Processing with text files in spark

Business description:

In the project, the user's holding file needs to be processed, converted into an internal format, and an internal ID is generated for key business items (such as security). For simplicity, the ID is set to UUID here.

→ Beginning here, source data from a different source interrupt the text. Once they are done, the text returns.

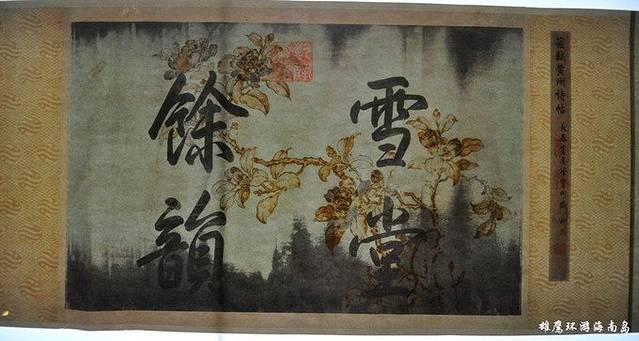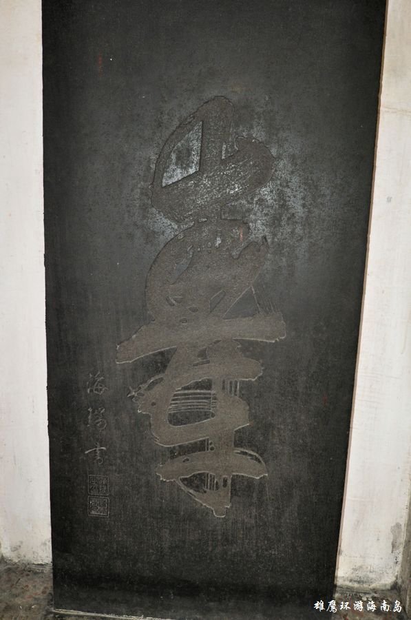 最有特色的是右边墙上的一块大理石碑刻,那是根据明代著名画家唐伯虎的原作雕刻的《东坡先生笠屐》,石碑上右边一幅字为明代大文学家宋濂所题,石碑刻画是明代大画家唐寅所画的《坡仙笠屐图》:苏东坡头戴竹帽,脚穿木屐,高卷裤管,身体向前倾斜,在村路上顶雨急归。最珍贵的还是左墙角上的一块石刻,为苏东坡画的梅花图,900年过去了,还能亲眼所见苏东坡画的画真是一种奇迹。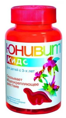 Univit Kids lizalice za žvakanje dizajnirane su da podrže imunitet u djece od 3 godine starosti. Korisnici pozitivno ocjenjuju ovaj kompleks vitamina (A, B3, B6, B12, C, D3, E). Marmelade u obliku dinosaura s okusima maline i naranče vrlo su atraktivne u očima djece 4 i 5, pa roditelji ne moraju uvjeriti dijete da uzima vitamine. U pregledima je također navedeno da je poklopac opremljen zaštitnim mehanizmom protiv djece. Jedna doza na dan je još jedan značajan plus. Po završetku liječenja možete računati na povećanje imunološke otpornosti tijela i na opći učinak jačanja.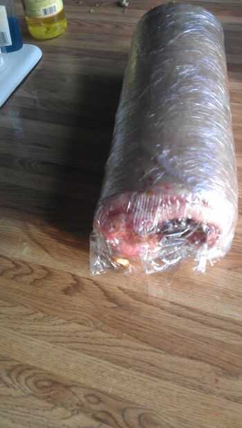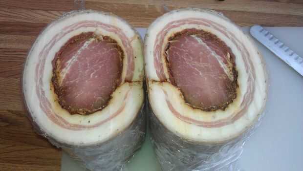 Rollo de panceta alrededor del lomo y luego envolver firmemente con tantas capas de envoltura de plástico necesarias para asegurarse de que no escape en el refrigerador.  Dejar reposar al menos un 1 día.  Cuadro 3 muestra cómo debe buscar una Porchetta firmemente enrollado.

The file example is as follows, with "|" segmentation

20170630|c003a949bce2ed94346c8579a33891b2|123456790|A000AD7| 5620.88000|00000001.00000000|||
20170630|c003a949bce2ed94346c8579a33891b2|23355L106|D043158| 10.0000|00000076.72000000|||
20170630|c003a949bce2ed94346c8579a33891b2|03524A108|A027192| 126.00000|00000017.48000000|||
20170630|478abaeebf564df0cb0b4232053e5129|29278N103|E019306| 474.47000|00000001.00000000|||
20170630|478abaeebf564df0cb0b4232053e5129|219350105|C695958| 50.0000|00000030.05000000|||
20170630|db34e5a988b322a32e9a54607126e10b|123456790|A000AD7| 105773.99000|00000001.00000000|||
20170630|db34e5a988b322a32e9a54607126e10b|29278N103|E019306| 750.0000|00000020.39000000|||
20170630|db34e5a988b322a32e9a54607126e10b|35472P406|F001419| 3813.46300|00000015.36000000|||
20170630|db34e5a988b322a32e9a54607126e10b|345370860|F004464| 1500.0000|00000011.19000000|||
20170630|db34e5a988b322a32e9a54607126e10b|33616C860|F018217| 1000.00000|00000026.85000000|||
20170630|d4efe3d884712369e3fa0d0ebeec1264|33616C860|F018217| 1267.48000|00000001.00000000|||
20170630|d4efe3d884712369e3fa0d0ebeec1264|254709108|D010597|          116.00000|00000062.19000000|||
20170630|d4efe3d884712369e3fa0d0ebeec1264|617446448|M004728|          233.00000|00000044.56000000|||
20170630|93404e788eb4dc9ae8367a96149b86cd|608919726|A000CV9| 17145.68000|00000001.00000000|||
20170630|93404e788eb4dc9ae8367a96149b86cd|045519402|A007023| 280.0000|00000038.13700000|||
20170630|93404e788eb4dc9ae8367a96149b86cd|35472P406|F001419| 1668.00000|00000010.97300000|||
20170630|93404e788eb4dc9ae8367a96149b86cd|G1151C101|A024853| 155.00000|00000123.68000000|||
20170630|93404e788eb4dc9ae8367a96149b86cd|03524A108|A027192| 154.00000|00000110.36000000|||

For this file, we only focus on the 3rd and 4th columns, which represent the cusip and symbol of security respectively.

 

1: Redis preparation

Since redis needs to be used in spark, first install the redis server on this machine, please refer to the article: Redis installation

Find the Redis installation directory, copy jedis-2.9.0.jar to spark's jars directory, and then start the redis service in the command line window: redis-server redis.windows.conf

Also open a redis client command line window: redis-cli -h 127.0.0.1 -p 6379

2:启动spark shell:spark-shell --jars ..\jars\jedis-2.9.0.jar

3: Program code

Execute the following code in spark shell:

import java.util.UUID
import redis.clients.jedis.Jedis

val txtFile = sc.textFile("D:\\temp\\holdings.txt",2)

val rdd1 = txtFile.map(line => line.split("\\|"))
val rdd2 = rdd1.map(x => ((x(2)+"_"+x(3)).hashCode, x(2),x(3)))
val rdd3 = rdd2.distinct

Each of the above rdd operations will generate a new rdd. Here, for simplicity and ease of understanding, it is assumed that the file is read into two partitions, and each partition is usually 128M in size.

In rdd3, the list of tuples of security is stored in two partitions. Because the data has been shuffled during rdd2.distinct, there is no overlap. Now what we need to do is to each security tuple, in Find out whether a record already exists in redis, if not, create a KV record in redis for a day and generate a UUID

val jd = new Jedis("127.0.0.1",6379)
rdd3.foreach(x => if(jd.get(x._2) ==null) jd.set(x._2,UUID.randomUUID().toString()))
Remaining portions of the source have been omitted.